Eigen values of the matrix are $\bf \lambda_1 = 3, \lambda_2 = 6,and\:\lambda_3 = 9$ and their corresponding eigen vectors are $\bf v_1 = (1,2,2), v_2 = (-2,-1,2),and\:v_3 = (2,-2,1)$

Given:

• $\left[\begin{array}{ccc}7&-2&0\\-2&6&-2\\0&-2&5\end{array}\right]$

To find:

• Find the Eigen values and eigen vectors of the matrix.

Solution:

Concept to be used:

Characteristics equation $\bf [A-\lambda \: I]X=O$

Step 1:

Write the characteristics equation.

$\left[\begin{array}{ccc}7&-2&0\\-2&6&-2\\0&-2&5\end{array}\right] - \lambda\left[\begin{array}{ccc}1&0&0\\0&1&0\\0&0&1\end{array}\right] =\left[\begin{array}{ccc}0\\0\\0\end{array}\right]$

$\left[\begin{array}{ccc}7 - \lambda&-2&0\\-2&6 - \lambda&-2\\0&-2&5 - \lambda \end{array}\right] =\left[\begin{array}{ccc}0\\0\\0\end{array}\right]$

Determinant of characteristics equation equal to zero.
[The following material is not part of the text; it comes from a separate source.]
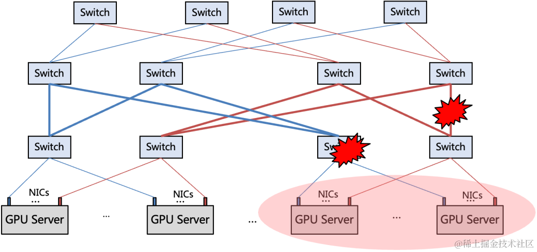 GPU 集群规模达到一定量级后,如何保障集群系统的稳定性,是除了性能外必须面对的另一个挑战。网络的可用性,决定了整个集群的计算稳定性,这是由于: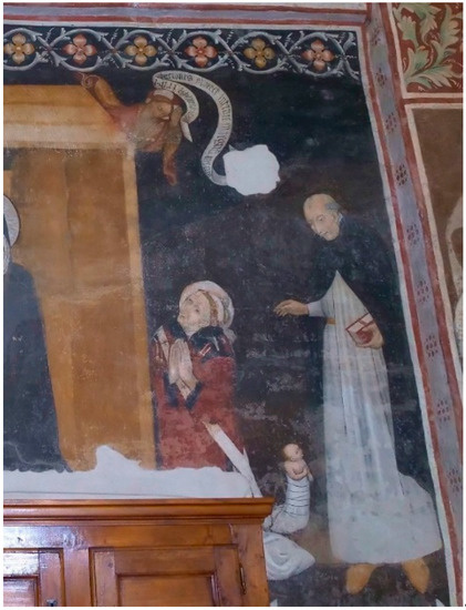 The communicative framework in the medieval period had three essential methods: orality, writings and images. Telling a story out loud, writing it down for later reading or painting it to the object of its contemplation implies, voluntarily or not, the creation of agreements and discrepancies among the resulting versions of the same event in each medium. The particularity of these three methods, with the hic et nunc offered by the preacher (D’Haenens 1983, pp. 227–28), the traditional unimpeachable value of the written text (scripta manent, verba volant) or the power of images (Freedberg 1989), participated in the evolution and transformation of the contents of the same story. For example, the preachers literally reproduced a biblical passage in their sermons, showing, in this specific case, the concordance between orality and literature. However, they could also reproach the artists of the time for the licenses they took when picturing that biblical passage. In this way, through the sermons, the divergence between the writings and the images had been made public. These concordances and divergences between the three aforementioned channels of expression are key to understanding the birth and diffusion of some late medieval stories, and even more so when several sources are preserved from the three methods of communication.1 This is the case in point of Vincent Ferrer’s vision, in which we can compare and contrast orality (sermons delivered by the Dominican friar) writing (Ferrer’s letter to Benedict XIII) and images (wall paintings in Macello).

$\left |\begin{array}{ccc}7 - \lambda&-2&0\\-2&6 - \lambda&-2\\0&-2&5 - \lambda \end{array}\right | =0$

Expand the determinant along R1.

$(7 - \lambda) \{((6 - \lambda)(5 - \lambda) - 4) + 2( - 2(5 - \lambda) - 0) \} = 0$

$(7 - \lambda) (\lambda ^{2} - 11\lambda + 26) - 20 + 4\lambda = 0$

$(7 \lambda ^{2} - 77\lambda + 182 - \lambda ^{3} + 11 \lambda ^{2} - 26\lambda - 20 + 4\lambda = 0$

$\bf - {\lambda}^{3} + 18 {\lambda}^{2} - 99\lambda + 162 = 0$

Step 2:

Solve the characteristics equation and find eigen values.

Find the first root of the equation by hit and trial method.

Put $\lambda = 3$

$- {(3)}^{3} + 18 {(3)}^{2} - 99(3) + 162 = 0$

$0 = 0$

Thus,

$\bf \lambda = 3$ is one root of the equation and $( \lambda - 3)$is one factor.

Find the other roots by dividing the cubic polynomial by the known factor.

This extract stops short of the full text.